* _Problem to solve_: Restate word for word the section of the entries that opens at the line containing "하지만 이 후보가 얻은" and closes at the line containing "Une élégante prise", both lines kept, pictures dropped.

* _Source information_:

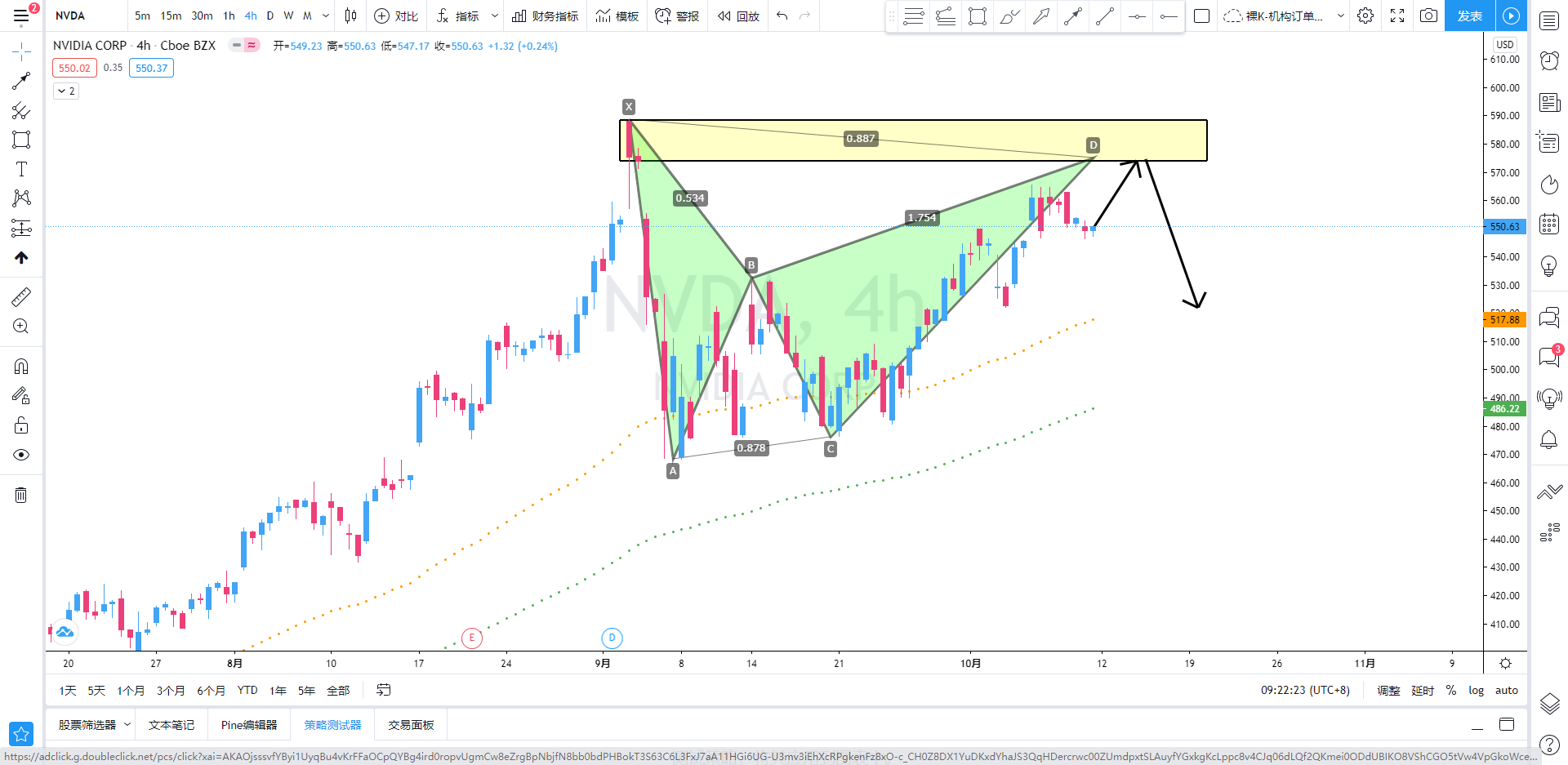 策略解析:英伟达4小时周期级别即将完成看跌蝙蝠模式,并且和上方的供给区出现重叠阻力,因此后市需要密切关注575-589区域会否出现价格滞涨的迹象或者是K线的一系列反转形态,可在出现后择机逢高做空英伟达,有效止损590的上方,下看第一目标先至525一线附近。
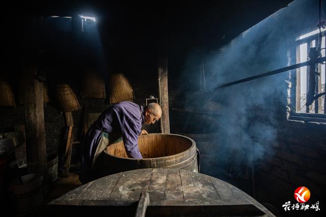 冬日,阳光透过云层,洒在花垣县雅酉镇扪岱村的石屋上,空气中飘着一股淡淡的酒香,混合着谷物粗粝的香气,清冽中带着些许醇厚。 村里的酿酒作坊正在进行秋收后的第一次大规模酿酒。
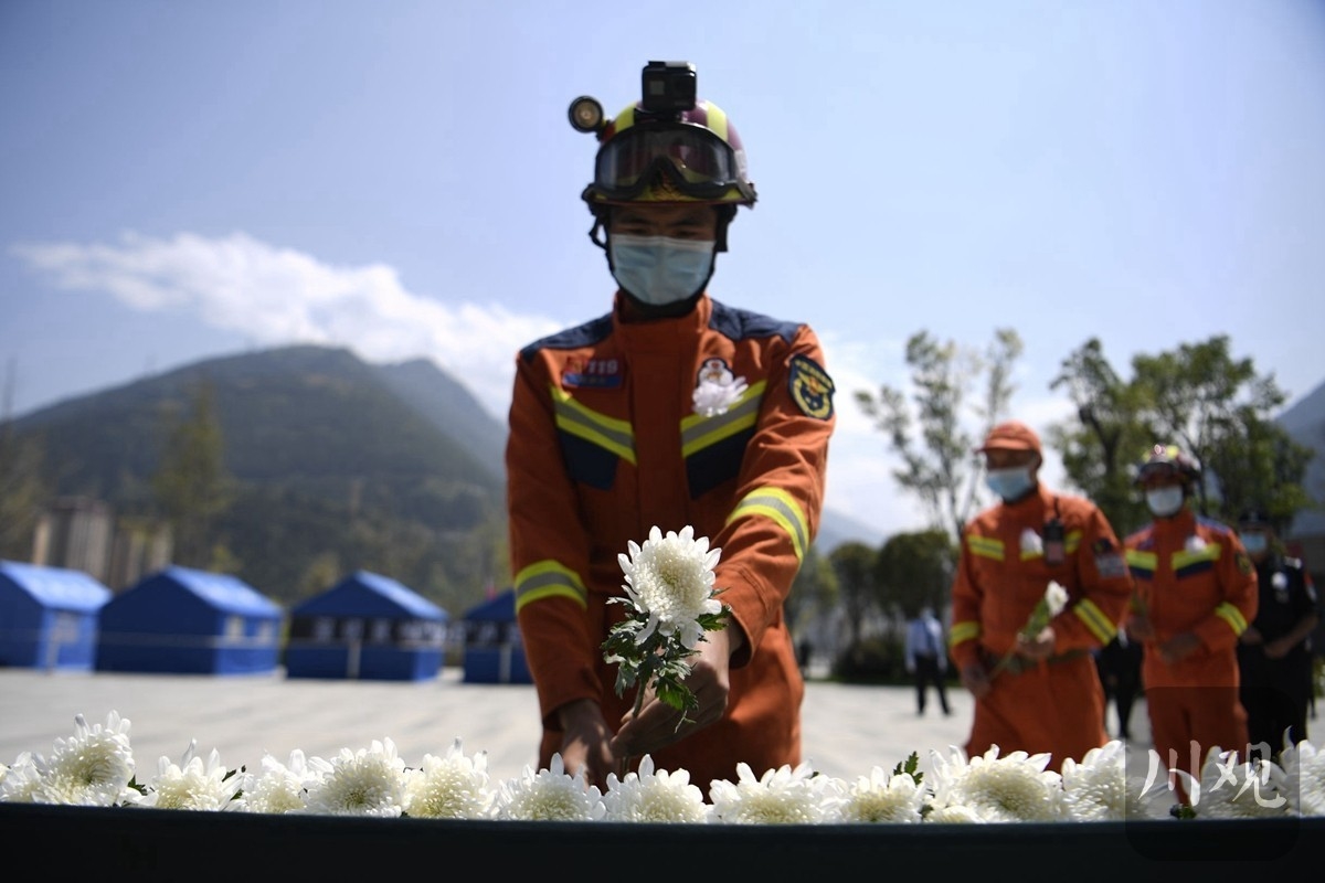 黑白条幅,白色菊花,磨西镇的默哀现场,海螺沟消防救援大队专职队长苏久贵发眼圈发红,有些哽咽。“我们发现一位遇难者,家属的哭泣声让我的心顿时被掏空。”他说,那些刻在脑海里的救援画面再一次浮现,让他不得平静。
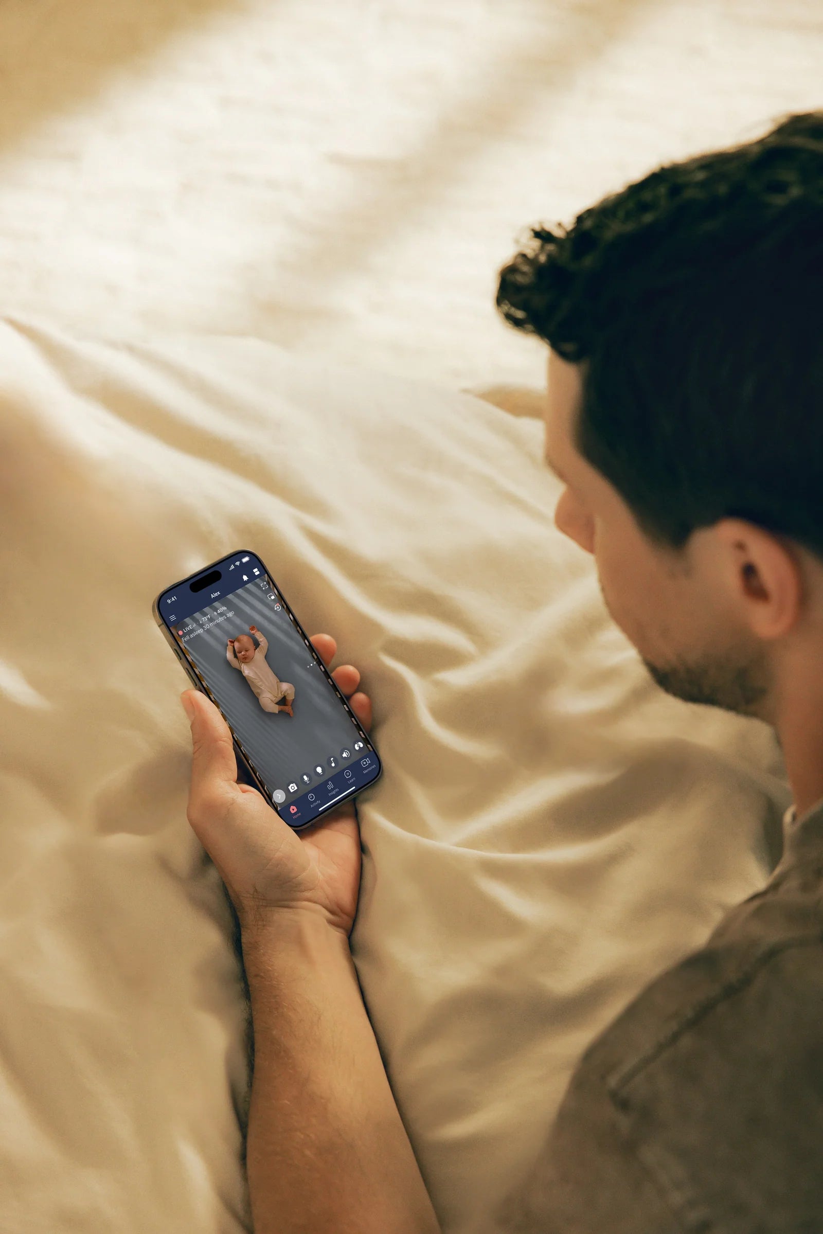 Use the Nanit app on iOS or Android to stream live video, receive real-time sound and motion alerts, view multiple cameras at once, and manage settings remotely.
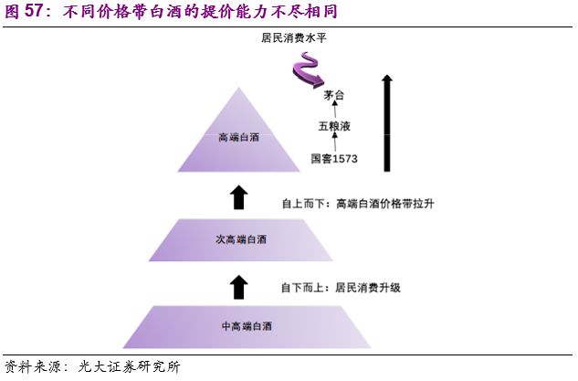 相较于其他白酒,高端白酒的社交和礼品属性更强,和经济活动的活跃程度关联性更强,我们认为随着经济的发展及高端白酒存储价值的逐步开发,高端白酒的销量占比仍会处于提升通道。但是正如前文所述,品牌力的积淀绝非一蹴而就,每次行业调整期总会有品牌脱离高端白酒阵营,在景气周期想要再获高端白酒的入场券仍相对困难。在高端白酒在整个行业销量比重提升的背景下,茅台、五粮液及国窖1573三大品牌有机会充分受益于价格带需求的扩容,增长最为确定。
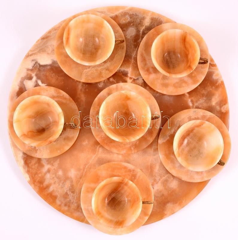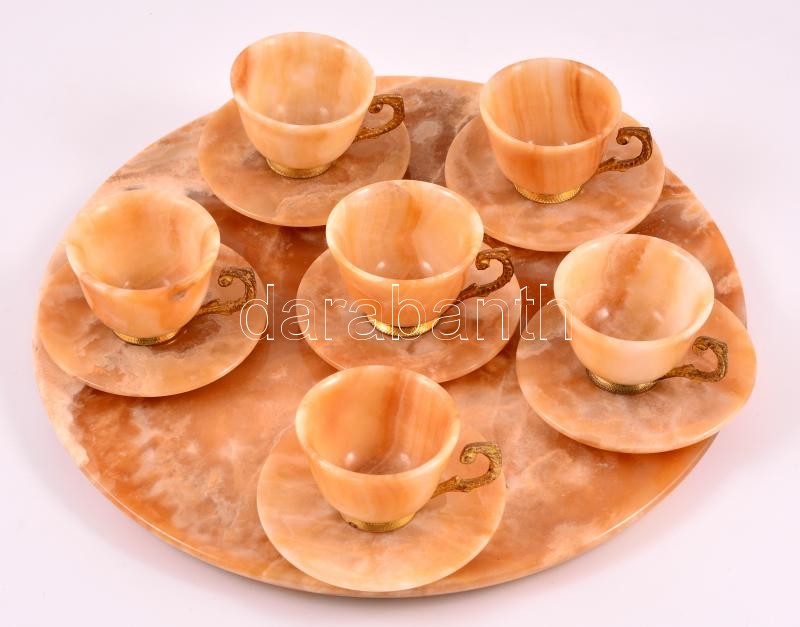 Beschreibung: Dekoratív alabástrom készlet: kínálótál, csésze+alj, összesen 7 db, apró kopásokkal
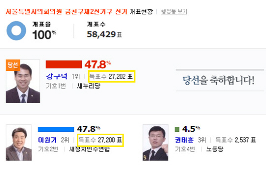 하지만 이 후보가 얻은 표는 2만7200표로 강 후보보다 단 2표가 적었다. '초박빙' 승부였다.
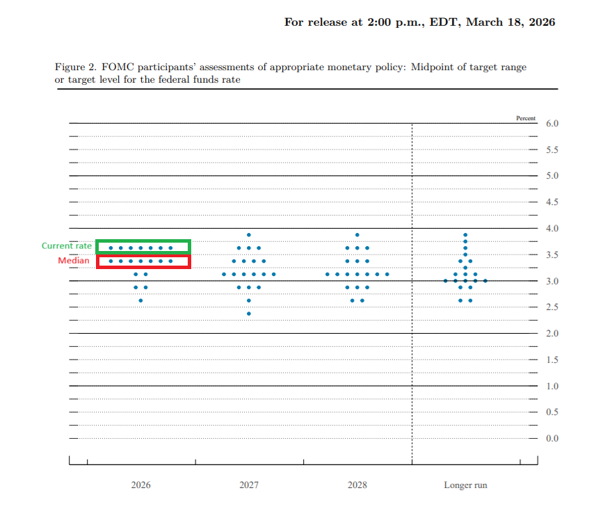 FOMC声明显示,委员们以11-1的投票比例通过此次的利率决定。委员会对经济前景的表述变化不大,但略微上调了2026年全年经济增长和通胀预期。尽管不确定性依然较高,官员们再次表示,未来仍可能进行数次降息。备受关注的“点阵图”显示,委员们普遍预计今年将降息一次,并在2027年再降息一次,但具体时点仍不明确。
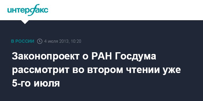 Москва. 4 июля. INTERFAX.RU - Госдума включила в повестку дня пятничного пленарного заседания рассмотрение во 2-м чтении законопроекта о реформировании РАН.
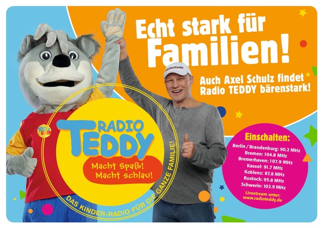 In den kommenden Wochen sind auch Anzeigen- und Großflächen-Kampagnen mit Axel Schulz in allen Radio TEDDY-Sendegebieten geplant. Mehr Informationen unter www.radioteddy.de
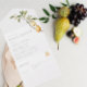 Une élégante prise sur une invitation à la douche de mariée Perfect Pear avec poires aquarelles, fleurs, feuilles et branches. L'invitation comprend une carte de recette pratique pour déchirer que les clients peuvent remplir et apporter à la douche.
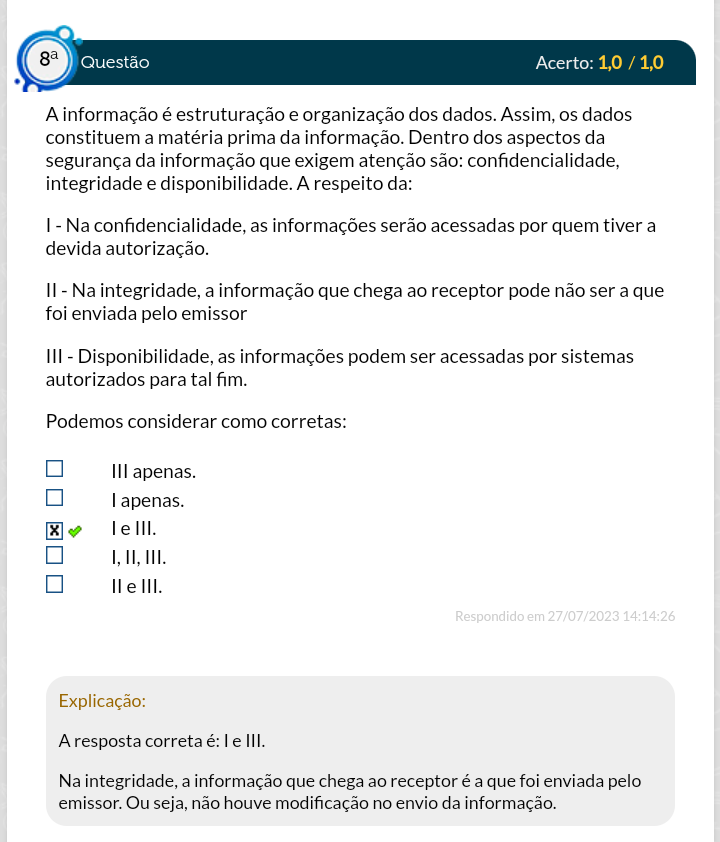 Questão Acerto: 1,0 / 1,0 A informação é estruturação e organização dos dados. Assim, os dados constituem a matéria prima da informação. Dentro dos aspectos da segurança da informação que exigem atenção são: integridade e disponibilidade. A respeito da: - Na confidencialidade, as informações serão acessadas por quem tiver a devida autorização. II - Na integridade, a informação que chega ao receptor pode não ser a que foi enviada pelo emissor III - Disponibilidade, as informações podem ser acessadas por sistemas autorizados para tal fim. Podemos considerar como corretas: III apenas. apenas. e III. Respondido em 27/07/2023 14:14:26 Explicação: A resposta correta é: e III. Na integridade, a informação que chega ao receptor é a que foi enviada pelo emissor. Ou seja, não houve modificação no envio da informação.
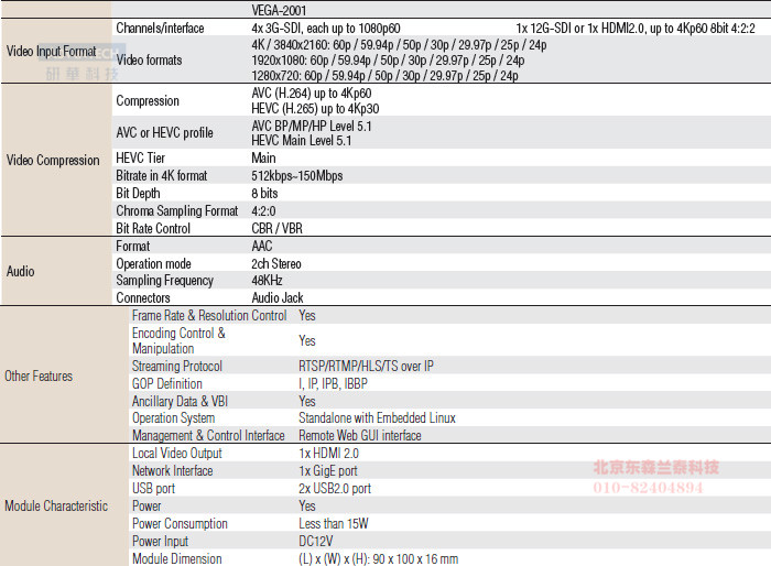 VEGA-2001 4K HEVC/AVC Real-Time Encoder and Streaming Module
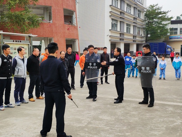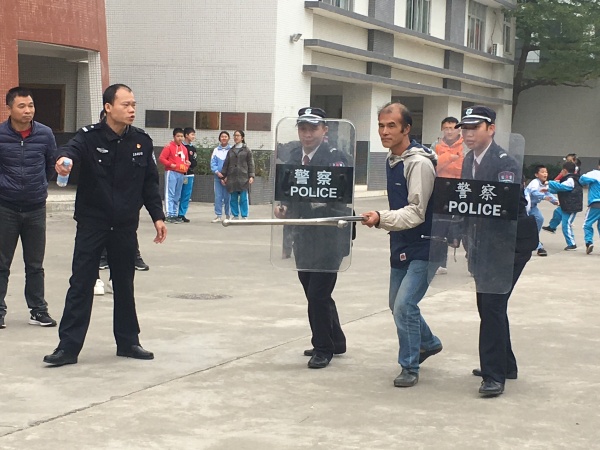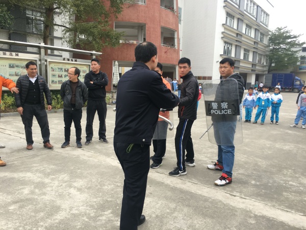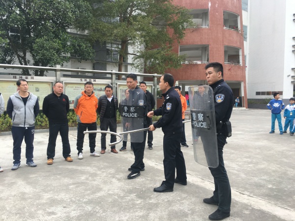 1月10日中午12:30,德育處組織了全體護衛(wèi)隊成員開展了“防暴防恐演練”活動。此次活動還邀請了肖家村派出所黃偉龍警官及他的隊員一起到現(xiàn)場指導工作、與三鄉(xiāng)110指揮中心作好溝通聯(lián)系。
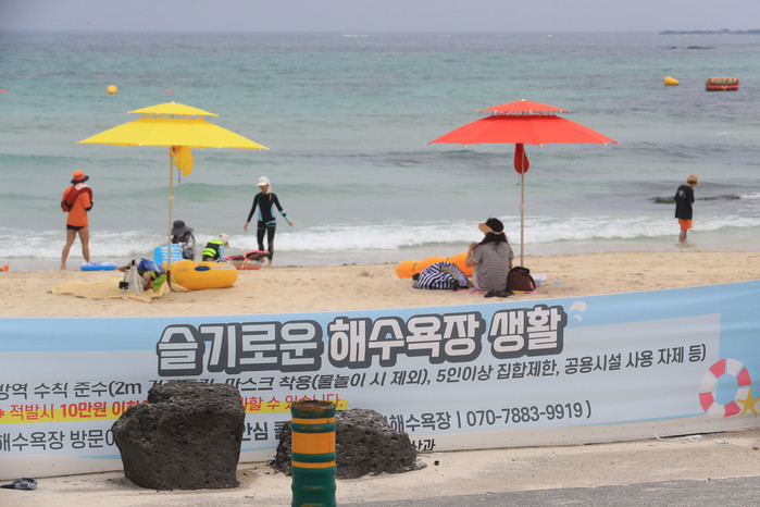 제주도 내 해수욕장이 일제히 개장한 1일 오후 제주시 구좌읍 월정해수욕장에 방역 수칙 준수를 당부하는 현수막이 걸려 있다.

* _Solution to this problem_:
 하지만 이 후보가 얻은 표는 2만7200표로 강 후보보다 단 2표가 적었다. '초박빙' 승부였다.
 FOMC声明显示,委员们以11-1的投票比例通过此次的利率决定。委员会对经济前景的表述变化不大,但略微上调了2026年全年经济增长和通胀预期。尽管不确定性依然较高,官员们再次表示,未来仍可能进行数次降息。备受关注的“点阵图”显示,委员们普遍预计今年将降息一次,并在2027年再降息一次,但具体时点仍不明确。
 Москва. 4 июля. INTERFAX.RU - Госдума включила в повестку дня пятничного пленарного заседания рассмотрение во 2-м чтении законопроекта о реформировании РАН.
 In den kommenden Wochen sind auch Anzeigen- und Großflächen-Kampagnen mit Axel Schulz in allen Radio TEDDY-Sendegebieten geplant. Mehr Informationen unter www.radioteddy.de
 Une élégante prise sur une invitation à la douche de mariée Perfect Pear avec poires aquarelles, fleurs, feuilles et branches. L'invitation comprend une carte de recette pratique pour déchirer que les clients peuvent remplir et apporter à la douche.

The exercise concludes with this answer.